**Exercise instructions**
Each entry is to be given again precisely, and no picture may be carried over.

**Exercise inputs**
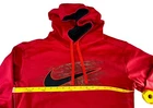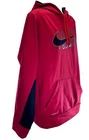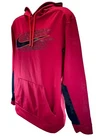 Stay cozy and stylish with this Nike Therma-Fit hoodie in a vibrant red color. This pullover features a round neck and long sleeves with a drawstring closure for a comfortable fit. The hoodie is made of polyester material and comes in a size L with a regular fit. It's perfect for a variety of activities including basketball, football, tennis, cycling, and more. The hoodie also has pockets for added convenience and is hooded for extra warmth. This Nike Sportswear hoodie is machine washable and has a modern and sporty logo accent. Ideal for winter, summer, fall, and spring seasons.
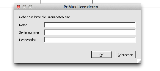 Klicken Sie auf Öffnen. Es erscheint nach einiger Zeit das Dialogfenster zur Eingabe der Lizenz-Daten. Die Lizenzdaten wurden Ihnen per Email oder Post zugestellt. Füllen Sie die drei Felder aus.
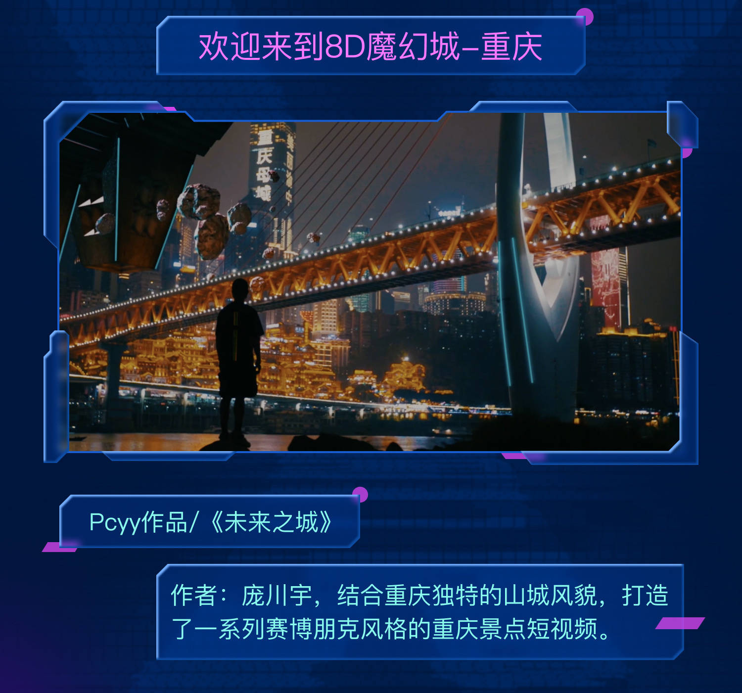 图 5:美图秀秀和摄影师合作打造赛博朋克风格的重庆景点短视频
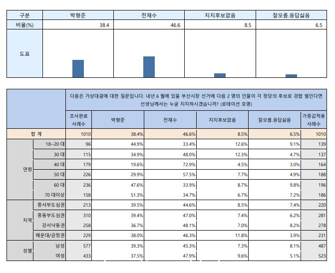 더불어민주당 전재수 장관 46.6%, 국민의힘 박형준 시장 38.4%, ‘지지후보 없음’ 8.5%, ‘잘 모름/응답 거절’ 6.5%
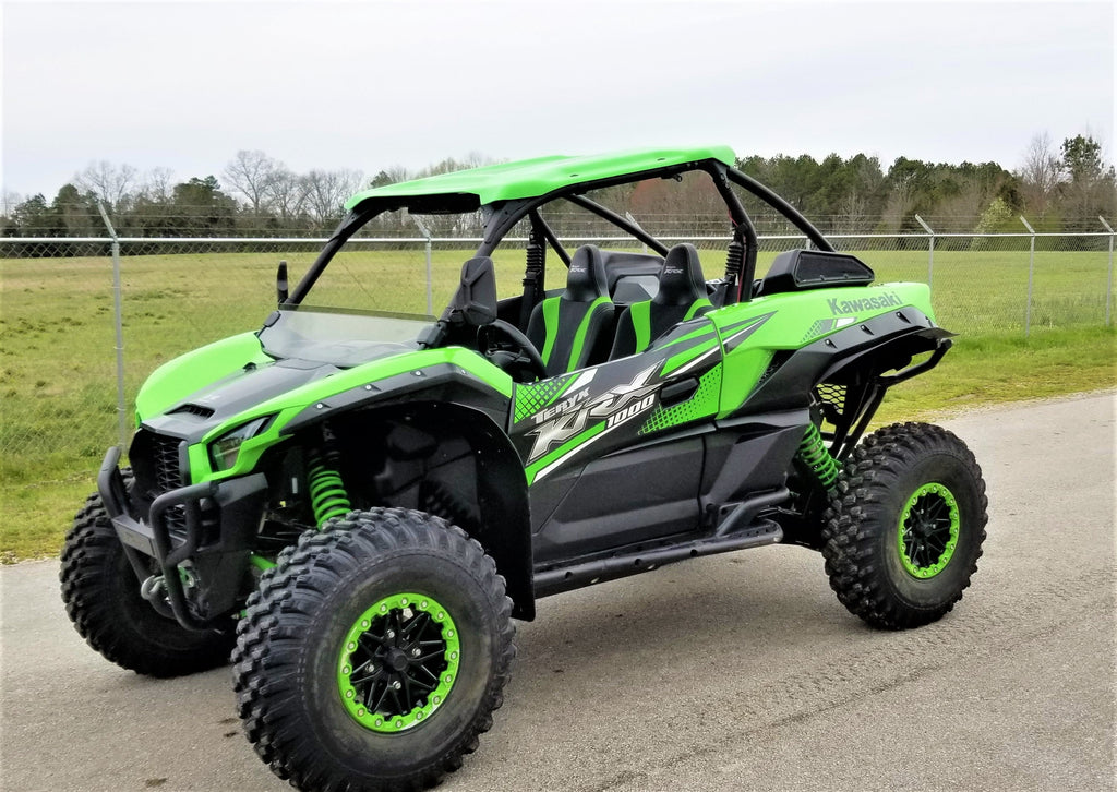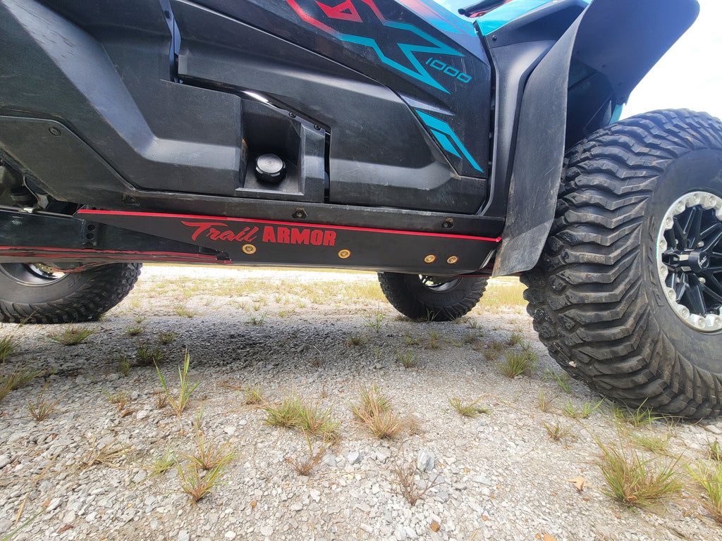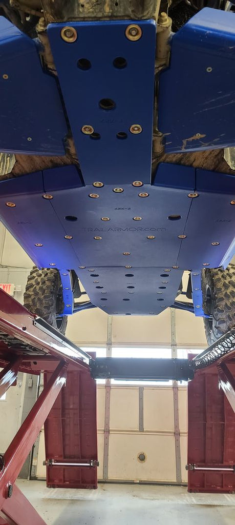 Experience exceptional underbody protection with Trail Armor’s full skid plate set designed for the 2023 - 2025 Kawasaki KRX 1000 (all editions). Constructed from 1/2" Super Tough polymer, these skids are lighter than conventional metal or aluminum plates and absorb impacts without corrosion or galling thanks to their lack of "impact memory." Trail Armor pioneered the use of formed front leading edges that shield sensitive frame corners and wheel wells, enabling smooth obstacle traversal without the drag associated with metal skids. The integrated extended side skid plates offer enhanced protection to vulnerable side panels, surpassing competitor coverage where such plates are often sold separately or missing. Panels are modular and cover the full underside including front and rear differentials. Convenient access holes for maintenance and strategically placed drain holes keep debris from accumulating without removal of the skids. Recessed mounting holes safeguard fasteners from damage and ensure a flush surface. The kits come with corrosion-resistant hardware, comprehensive photo instructions, and two Panel A options—one designed for use with a bumper and the other offering enhanced skid protection at the front of the vehicle. Some OEM hardware may be reused. Note: A-arm guards shown in images are sold separately (part numbers TA012ARMIMPFG-KAW-KRX and TA012IMPTAG-KAW-KRX). Custom colors are special order, non-returnable, and not matched to OEM hues. Refer to the Fitment Guide for exact model compatibility.

**Reply**
 Stay cozy and stylish with this Nike Therma-Fit hoodie in a vibrant red color. This pullover features a round neck and long sleeves with a drawstring closure for a comfortable fit. The hoodie is made of polyester material and comes in a size L with a regular fit. It's perfect for a variety of activities including basketball, football, tennis, cycling, and more. The hoodie also has pockets for added convenience and is hooded for extra warmth. This Nike Sportswear hoodie is machine washable and has a modern and sporty logo accent. Ideal for winter, summer, fall, and spring seasons.
 Klicken Sie auf Öffnen. Es erscheint nach einiger Zeit das Dialogfenster zur Eingabe der Lizenz-Daten. Die Lizenzdaten wurden Ihnen per Email oder Post zugestellt. Füllen Sie die drei Felder aus.
 图 5:美图秀秀和摄影师合作打造赛博朋克风格的重庆景点短视频
 더불어민주당 전재수 장관 46.6%, 국민의힘 박형준 시장 38.4%, ‘지지후보 없음’ 8.5%, ‘잘 모름/응답 거절’ 6.5%
 Experience exceptional underbody protection with Trail Armor’s full skid plate set designed for the 2023 - 2025 Kawasaki KRX 1000 (all editions). Constructed from 1/2" Super Tough polymer, these skids are lighter than conventional metal or aluminum plates and absorb impacts without corrosion or galling thanks to their lack of "impact memory." Trail Armor pioneered the use of formed front leading edges that shield sensitive frame corners and wheel wells, enabling smooth obstacle traversal without the drag associated with metal skids. The integrated extended side skid plates offer enhanced protection to vulnerable side panels, surpassing competitor coverage where such plates are often sold separately or missing. Panels are modular and cover the full underside including front and rear differentials. Convenient access holes for maintenance and strategically placed drain holes keep debris from accumulating without removal of the skids. Recessed mounting holes safeguard fasteners from damage and ensure a flush surface. The kits come with corrosion-resistant hardware, comprehensive photo instructions, and two Panel A options—one designed for use with a bumper and the other offering enhanced skid protection at the front of the vehicle. Some OEM hardware may be reused. Note: A-arm guards shown in images are sold separately (part numbers TA012ARMIMPFG-KAW-KRX and TA012IMPTAG-KAW-KRX). Custom colors are special order, non-returnable, and not matched to OEM hues. Refer to the Fitment Guide for exact model compatibility.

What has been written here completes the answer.